The ins and outs of the Cambridge curriculum

The Cambridge education system is often mentioned as an alternative option to South Africa's NSC examinations (DBE and IEB), but what is it exactly?
The ins and outs of the Cambridge curriculum

Formed by the UK’s University of Cambridge more than 150 years ago, Cambridge Assessment International Education (CAIE) is the world’s largest provider of international education programmes to over 8 million candidates in 160 countries. Its A Level qualifications are recognised and valued by all Ivy League and Ivy Plus universities in the US, all UK universities, as well as those in Australia, Canada, Germany and beyond. The Cambridge AS and A Levels are also accepted at South African universities.

The merits

“The Cambridge International curriculum is flexible, challenging and inspiring, plus all final examinations are externally set and marked by Cambridge International,” says Gareth Tucker, director of Cambridge at Somerset College, an independent school in Somerset West that is fully accredited with the Cambridge International Programme.

“In a nutshell,” Tucker explains, “the ideals espoused by the Cambridge curriculum are very similar to those of the IEB but the former is more flexible in terms of routes to follow to a final qualification, covers the subject matter in more depth and gives a deeper understanding of the topics covered.

“Fewer subjects are studied at A-Level, which means a more concentrated approach. Deep knowledge of focused subjects as well as conceptual understanding is fostered, encouraging students to develop higher-order problem solving and thinking skills.”

He adds that students are encouraged to both do independent research as well as collaborate with their peers; regular practicals in the science subjects are emphasised and students learn to present their arguments openly.

He explains the two-year, staged Cambridge International A Level programme run by Somerset College: “Successful students achieve the Advanced Subsidiary (AS) qualification at the end of the first year and full Advanced Level (A Level) qualifications after the second year. The AS qualification is seen as equivalent to the Grade 12 National Senior Certificate (NSC) achieved via the DBE or IEB route.”

Who will it suit

Students who are able to work independently and take responsibility for their own studies will thrive in the Cambridge Programme, says Tucker. “The programme is good for those who relish a challenge and want to be stretched academically and emotionally. They must be prepared to work hard outside of the classroom and to be engaged at all times in the classroom.”

Remember, the UK’s IGCSE, usually written by 16-year-olds, is their school leaving certificate. AS and A Levels are a step up and some students will find them challenging.

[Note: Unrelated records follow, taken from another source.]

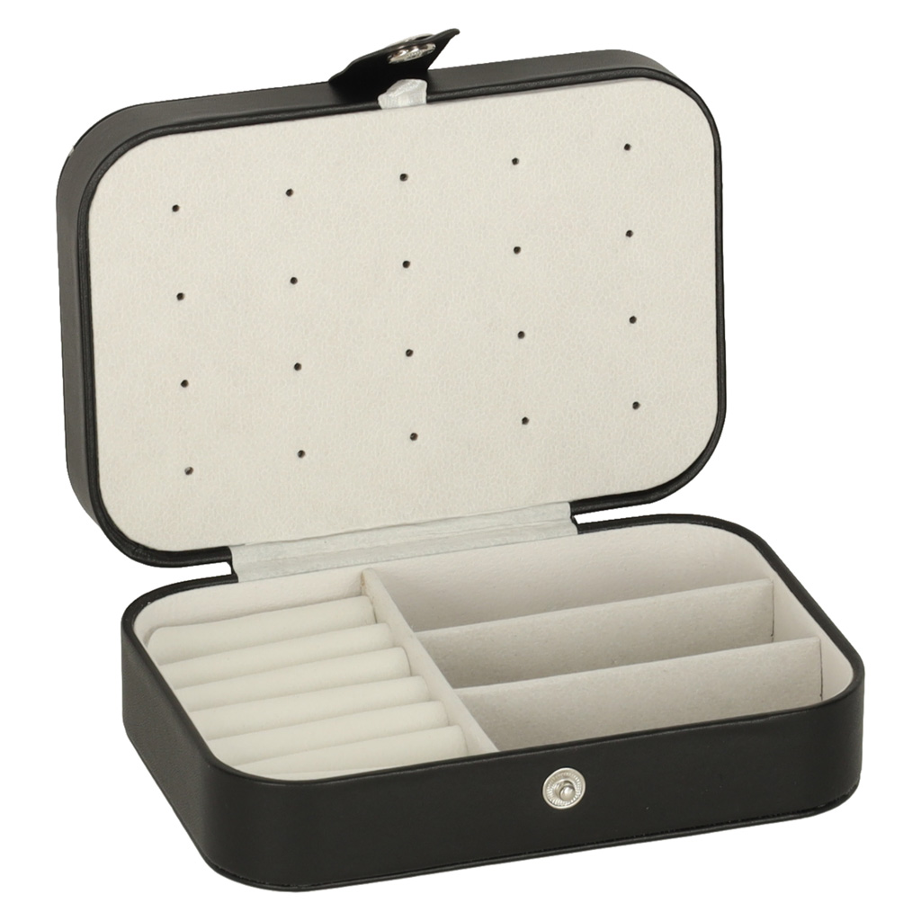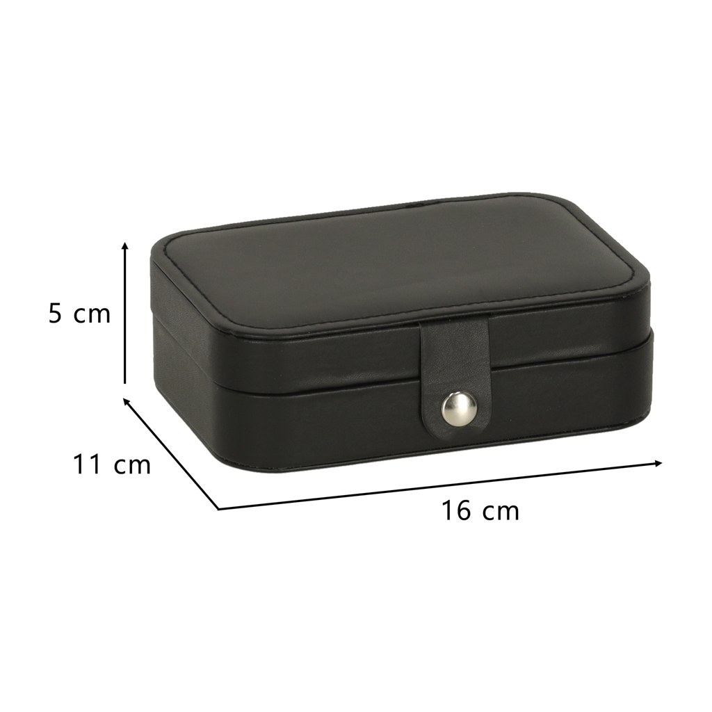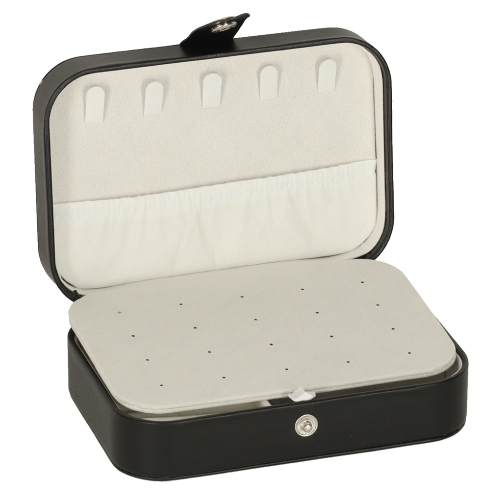 Stylowa kasetka w klasycznej czerni z jasnym wnętrzem doskonale wpasuje się w wystrój każdej toaletki. Kompaktowy rozmiar 16 × 11 × 5 cm sprawia, że jest idealna do torebki czy walizki, a przemyślany układ przegródek i haczyków zapewnia funkcjonalność i zaskakującą pojemność.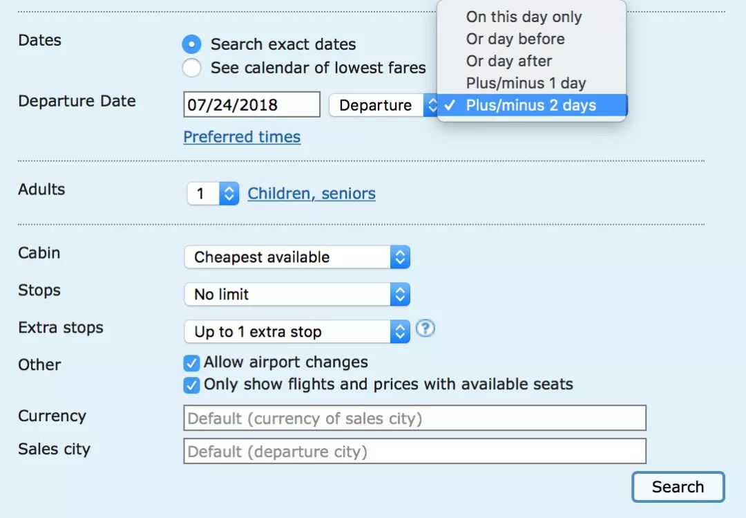 出发时间可以模糊搜索,最多在某一日期的前后各两天,5 天的时间内搜索。还可以选择偏好,如不想转机、最多一次转机、时间最快还是最省钱,然后就可以一键搜索了。通过几步设置可以瞬间搜索到大量的机票信息。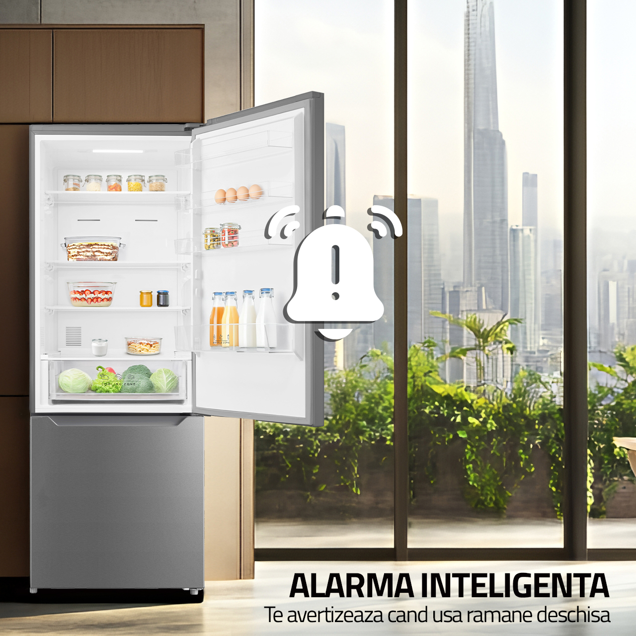 Combina frigorifica Samus este echipata cu functia inteligenta Alarma Usa Deschisa, conceputa pentru a proteja alimentele si a reduce consumul de energie. Daca usa ramane deschisa prea mult timp, un semnal sonor te va avertiza imediat, prevenind pierderile de aer rece si posibilele deteriorari ale produselor din interior.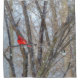 A male Cardinal and a black capped Chickadee sit in my redbud tree during a snow storm.

Tucker agrees: “The Somerset College Cambridge Programme is an accelerated programme. Students will complete a Grade 12 equivalent in one year, and it does take some time to get used to the teaching and questioning style.”

He explains that final results are based on the final external examinations: “There is no continuous assessment mark, so students who suffer from examination anxiety should think carefully about entering the programme.” Tucker adds that the Cambridge Curriculum may not be ideal for those intending to study in South Africa.

“That said, if there’s a possibility that your child will choose to study abroad or your family is considering emigration, this is an important option to consider. While the DBE and IEB matrics are accepted by many international universities, Cambridge A Levels are accepted far more widely. And they put a student on the same academic level as other international students applying to those universities.”

Tucker also emphasises the importance of ensuring the subjects a student takes will give them access to the universities of their choice, whichever examinations they will be writing. “We offer subjects that are accepted by universities around the world in the fields of Science, Finance and Commerce, Engineering and Computer Science. But, just as they’d do when choosing subjects that will gain them admission to a South African university, a student looking to study abroad should contact the universities they are interested in and find out the actual requirements before making a final decision.

Questions to ask when evaluating Cambridge schools

Proper accreditation of the institution is the most important question, says Tucker. “This will largely determine quality but past results indicate how students of that institution are comparing with others across the world, so ask for those too. As an example, evidence of the strong programme offered at Somerset College is found in past students who have earned the top marks in the world for Maths, IT, physics and English.”